Transfer Learning from Pre-trained Language Models Improves End-to-End Speech Summarization

Kohei Matsuura,Takanori Ashihara,Takafumi Moriya,Tomohiro Tanaka,Takatomo Kano,Atsunori Ogawa,Marc Delcroix
2023-06-07
Abstract:End-to-end speech summarization (E2E SSum) directly summarizes input speech into easy-to-read short sentences with a single model. This approach is promising because it, in contrast to the conventional cascade approach, can utilize full acoustical information and mitigate to the propagation of transcription errors. However, due to the high cost of collecting speech-summary pairs, an E2E SSum model tends to suffer from training data scarcity and output unnatural sentences. To overcome this drawback, we propose for the first time to integrate a pre-trained language model (LM), which is highly capable of generating natural sentences, into the E2E SSum decoder via transfer learning. In addition, to reduce the gap between the independently pre-trained encoder and decoder, we also propose to transfer the baseline E2E SSum encoder instead of the commonly used automatic speech recognition encoder. Experimental results show that the proposed model outperforms baseline and data augmented models.

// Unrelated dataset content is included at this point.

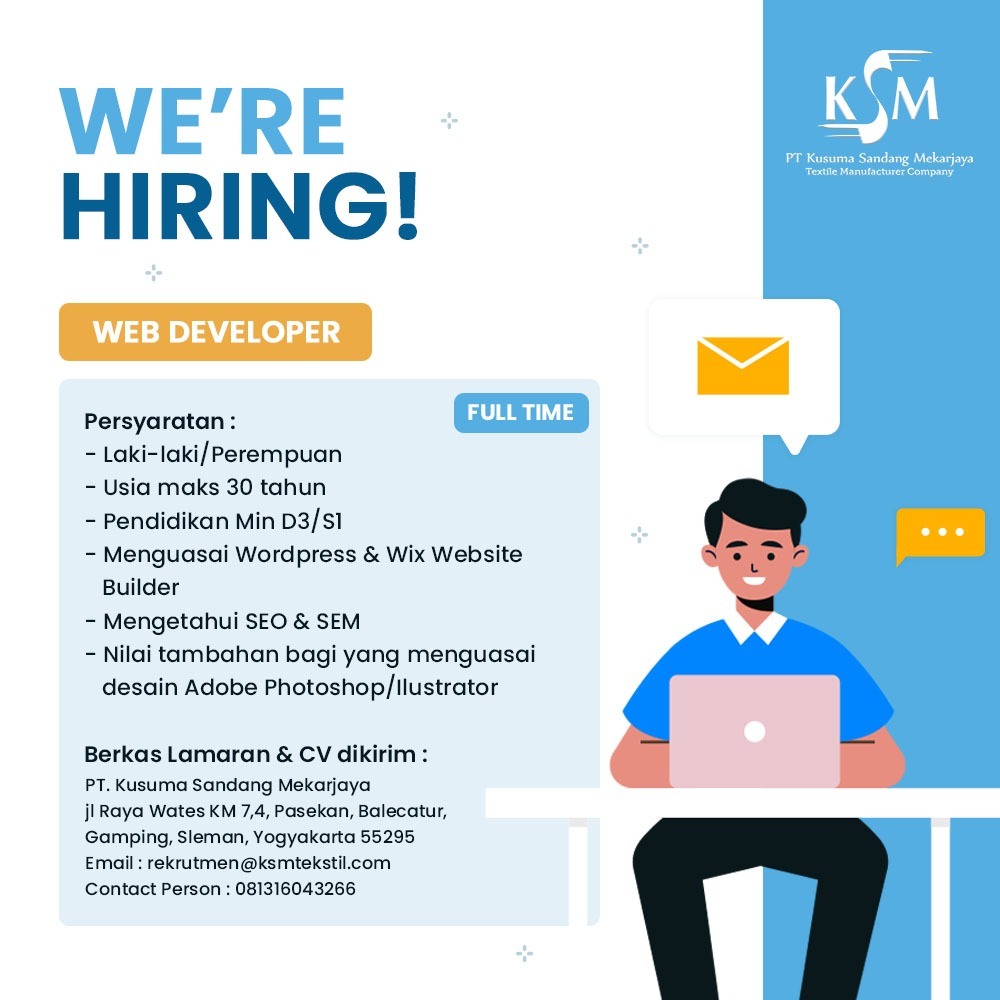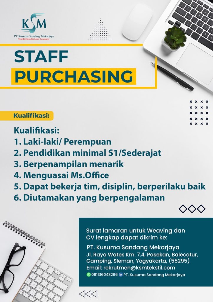 Info lowongan pekerjaan di PT. KUSUMA SANDANG MEKARJAYA. Posisi yang dibutuhkan:1. STAFF PURCHASING2. WEB DEVELOPER

Computation and Language,Sound,Audio and Speech Processing
What problem does this paper attempt to address?
The paper proposes improvements to address the issues of scarce training data and unnatural summary generation faced by End-to-End Speech Summarization (E2E SSum) technology. Specifically, E2E SSum technology generates concise and readable summary sentences directly from speech. Compared to traditional cascade methods, it can fully utilize non-verbal information in speech and mitigate the impact of errors from Automatic Speech Recognition (ASR). However, E2E SSum models require a large amount of speech-summary pairs for training, which is often difficult to obtain in practical applications, leading to insufficient training data and low-quality summaries. To solve the above problems, the authors propose a new method that integrates a Pre-Trained Language Model (LM) into the decoder of E2E SSum through transfer learning. This method aims to leverage the powerful text generation capabilities of pre-trained language models to improve the ability of E2E SSum models to generate natural and fluent summaries. Additionally, to reduce the gap between the encoder and decoder, the authors suggest transferring the baseline E2E SSum encoder instead of the commonly used ASR encoder. Experimental results show that the proposed model outperforms the baseline model and text-to-speech (TTS) data augmentation methods on multiple metrics, with a significant improvement in METEOR scores. This demonstrates the effectiveness of integrating pre-trained language models into E2E SSum and the importance of initializing with the E2E SSum encoder.